Pricing decisions are among the few marketing decisions that bring in revenue for the brand, and because price exerts greater leverage than other profit drivers like costs or sales revenue, even small price changes can impact profit significantly, for increases as well as decreases (Dholakia, 2017). For consumers, not only is the price a crucial variable during decision making, but it also affects other stages of the digital customer journey in the CCDM framework, acting variously as a form of knowledge, a signifier of value and cultural meaning, a conveyor of social identity, and a means to exert influence during the buying process (Dholakia, 2019). Digital technology affects all these price characteristics, making prices more accessible and therefore, potentially more transparent, cheaper to change, and therefore more dynamic and short-lived. It allows the implementation of digitally-centric pricing structures like subscriptions, metered pricing, and auctions and enables customers to play a greater role in determining the price. These and other impacts of digital technology on prices and pricing strategy have been studied extensively by marketing scholars and are considered in this chapter.
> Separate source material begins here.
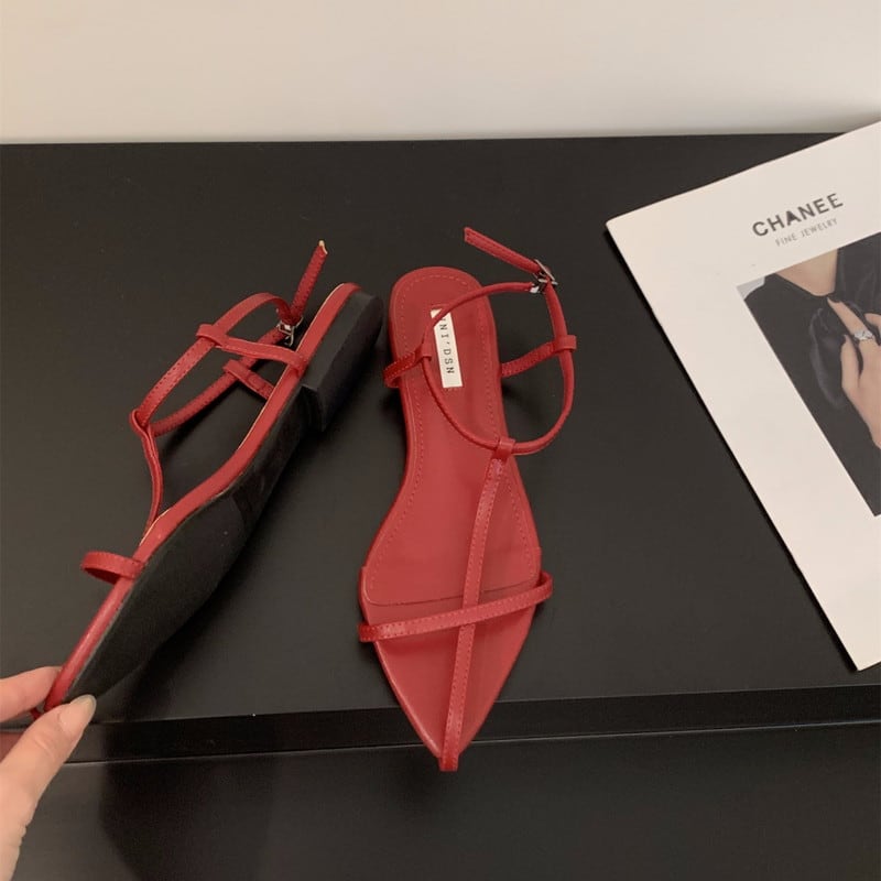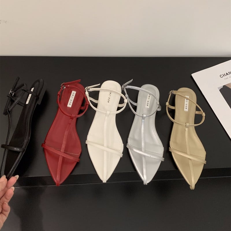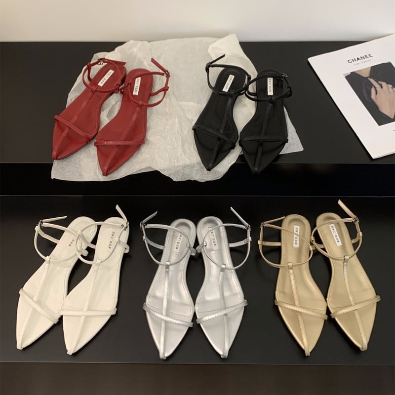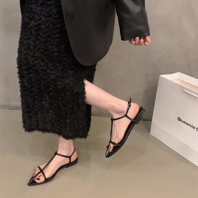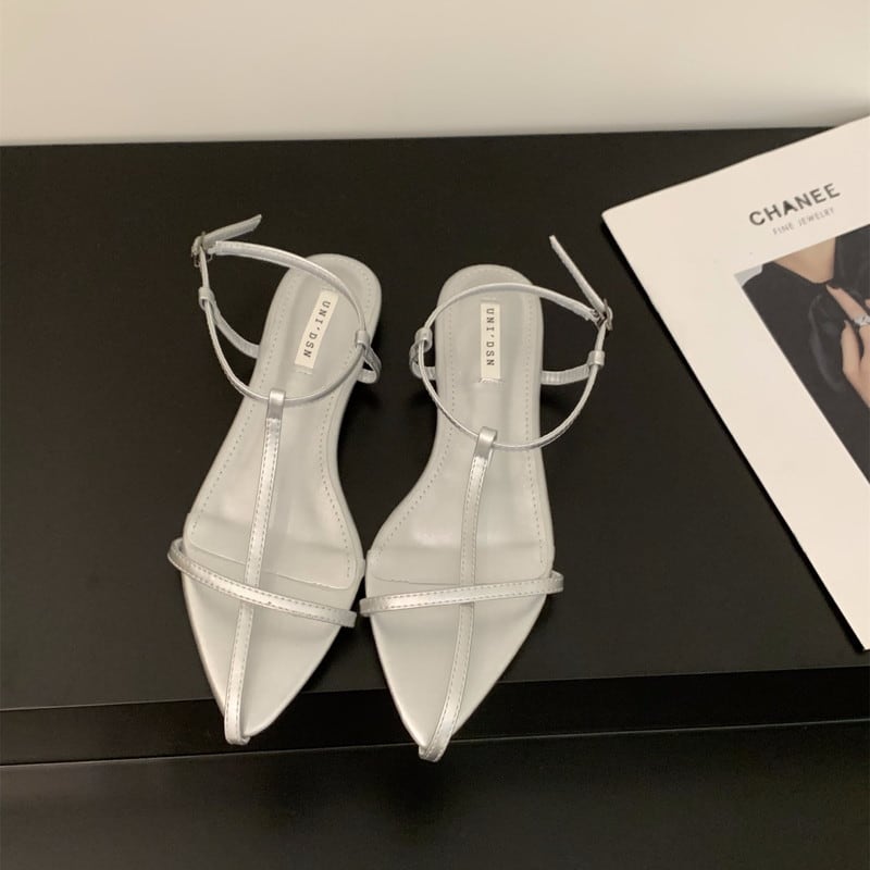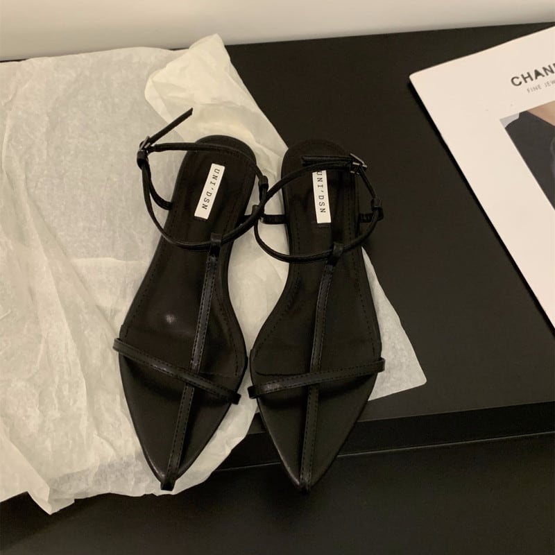 ▶︎Tストラップとポインテッドトゥが洗練された印象を与えてくれるサンダル。
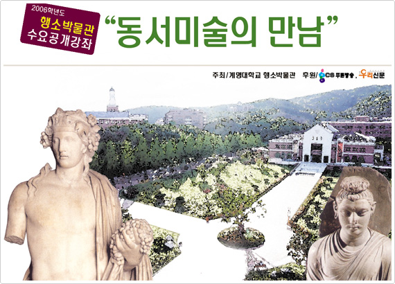행소박물관에서는 우리 전통문화를 사랑하는 지역민들을 위해 심도있는 문화학습 기회를 제공하고자 『2006학년도 행소박물관 수요공개강좌』를 9월 20일(수)부터 개최한다고 밝혔다. 이번 강좌는 ‘동서미술의 만남’을 대주제로 전문가와 대학교수로 구성된 강사진이 강의를 진행하게 된다. 일반 시민이면 누구나 무료로 수강이 가능하며 9월 20일, 10월 18일, 11월 22일 (3회) 오후 3시부터 2시간동안 계명대학교 행소박물관 시청각실에서 실시된다.

Price Dispersion and Price Transparency
From the early days of digital marketing, business scholars have cautioned that the abundant and easy availability of price information online would hurt the value of brands. By making prices and their inputs readily available to customers, the internet would reduce price dispersion (Brynjolfsson & Smith, 2000; Clay, Krishnan, & Wolfe, 2001; Pan, Ratchford, & Shankar, 2004) and increase price transparency (Sinha, 2000). These early discussions predicted that during the research, evaluation, and buying process, customers would give greater weight to the price than to other product attributes. They would compare prices across digital channels, choose the lowest-priced seller, leading to price premium and margin erosion even for strong brands (Bakos, 1997; Sinha, 2000; Tang & Xing, 2001).